The ship arrived at Port Chalmers in Otago Harbour on 15 April 1848 after a passage of 117 days. Here she found already anchored, the John Wickliffe, which had arrived three weeks earlier.

Despite being somewhat smaller than the 662-ton John Wickliffe, the Philip Laing carried the majority of the immigrants (247, to John Wickliffes 97), the larger ship having largely been laden with provisions for the new settlement.

Following her arrival at Port Chalmers at least three of the ship’s crew deserted.
Captain Elles married Clementine Burns the eldest daughter of Thomas and Clementina Burns on 14 June 1848. The wedding certificate, signed by Thomas Burns, is preserved in the historic Bible of the Philip Laing, which is one of the most sacred relics in the Otago Early Settlers' Library. The courtship had begun on the voyage out.

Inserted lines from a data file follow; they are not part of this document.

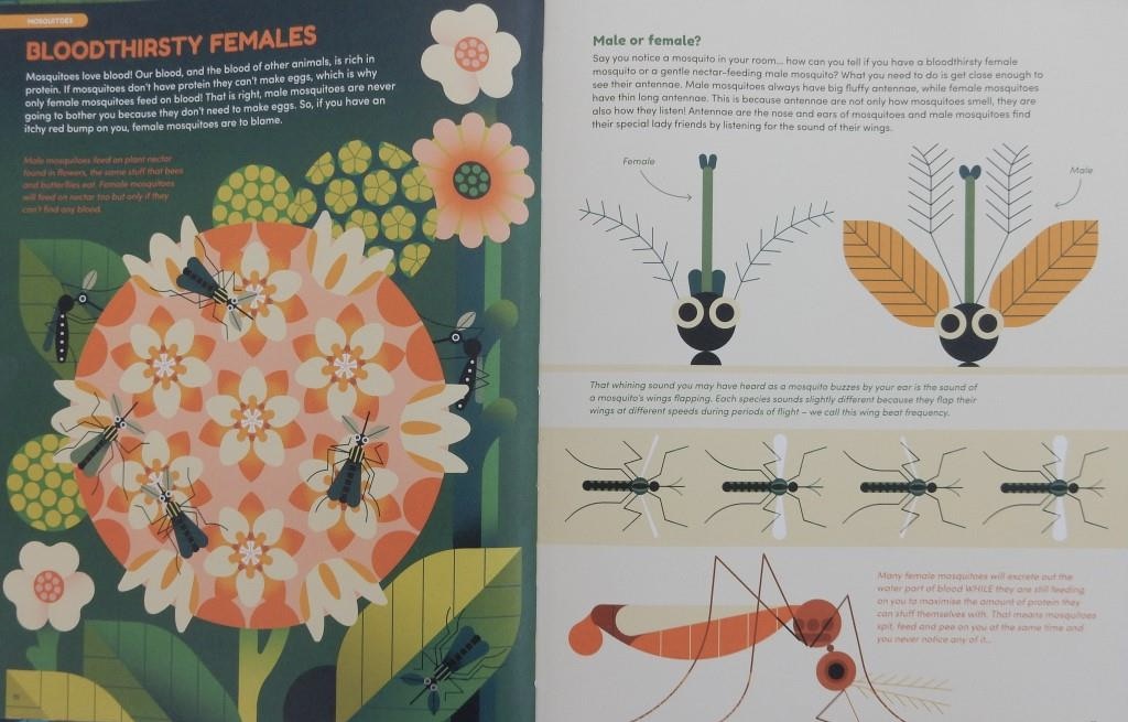 Pakpour starts by defining insects and the scientists who study them after which three or more spreads are devoted to each of the aforementioned pests. She describes their appearance including the difference between males and females, their impact on humans and how they find us, their habitat – I was intrigued to discover that mosquitoes are found everywhere except Antarctica and Iceland where it’s too cold for them to survive, and that it’s only the females that bite.
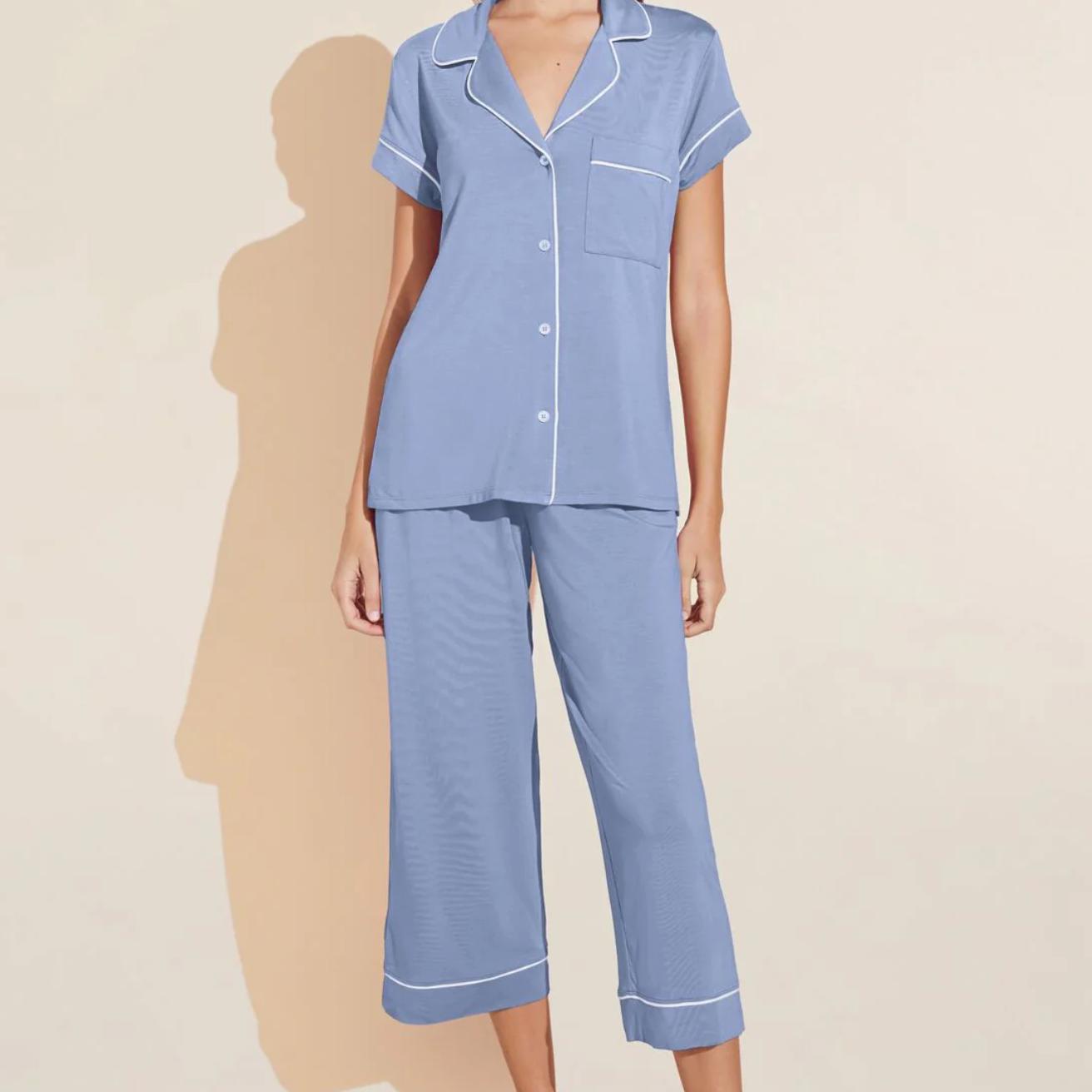 Matching pajama set with a short-sleeve top and cropped pant made from ultra-soft knit fabric with contrast piping.
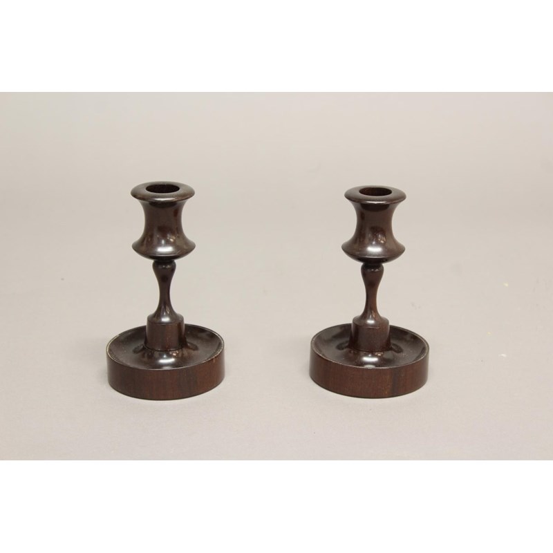 A PAIR OF VICTORIAN TURNED CANDLESTICKS.
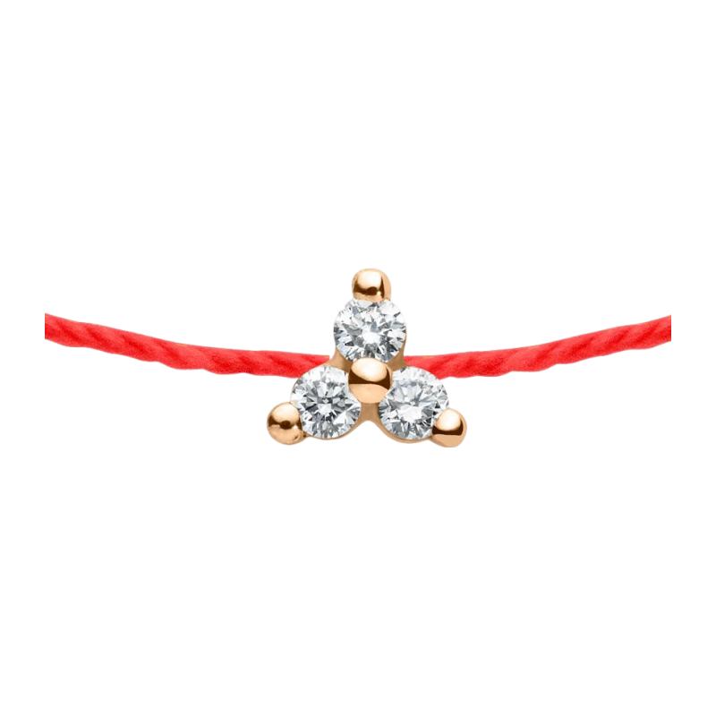 RedLine红绳女士精致手工螺纹18K金三小钻划痕镶嵌新款
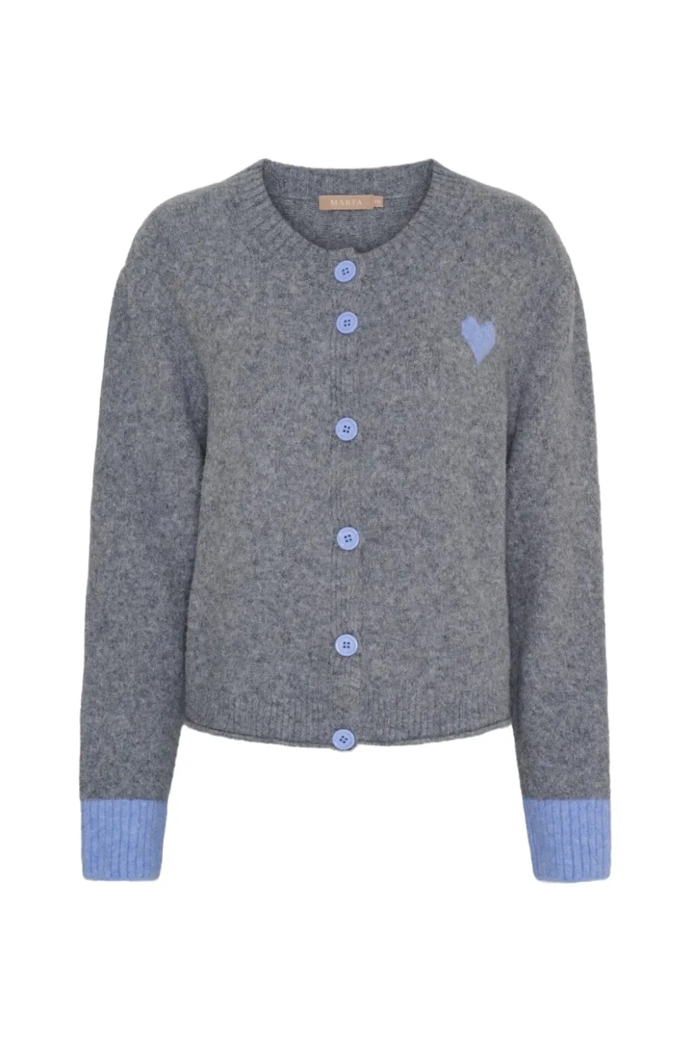 Gråblå cardigan fra Marta Du Chateau med blå knapper foran og et hjerteformet emblem på venstre bryst. De blå ribstrikkede manchetter matcher knapperne.

On 15 June the ship departed for Wellington, arriving there on 19 June.

===Subsequent service===
Subsequently, the Philip Laing was employed in 1854 as a transport in the Crimean War. In the following year, she was at Hobart, having brought out government stores and ammunition. From Hobart, she sailed in ballast to Madras, India.

In 1856 the ship brought out passengers and cargo from London to Wellington and Lyttelton. During the voyage she caught fire just after having called at the Cape of Good Hope, but it was quickly extinguished.
When leaving Lyttelton, bound for Singapore, she was struck by a squall and nearly capsized, but she righted herself, but not before it had been mistakenly reported that she had sunk with the loss of all of her crew.

The ship made several trips between the United Kingdom and the East. On one occasion she was stranded on an island in the Java Sea for 36 hours until the crew was able to refloat the ship.

The Philip Laing is last mentioned in the Lloyd's Register with her captain given as J. S. Cadenhead. The ship ended its days as a coal hulk at Hong Kong.

==Commemoration==
Laing Street in Port Chalmers is named after the ship, as is Philip Laing House, in the Exchange area of downtown Dunedin (which sits diagonally opposite John Wickliffe House, named for Dunedin's other first ship).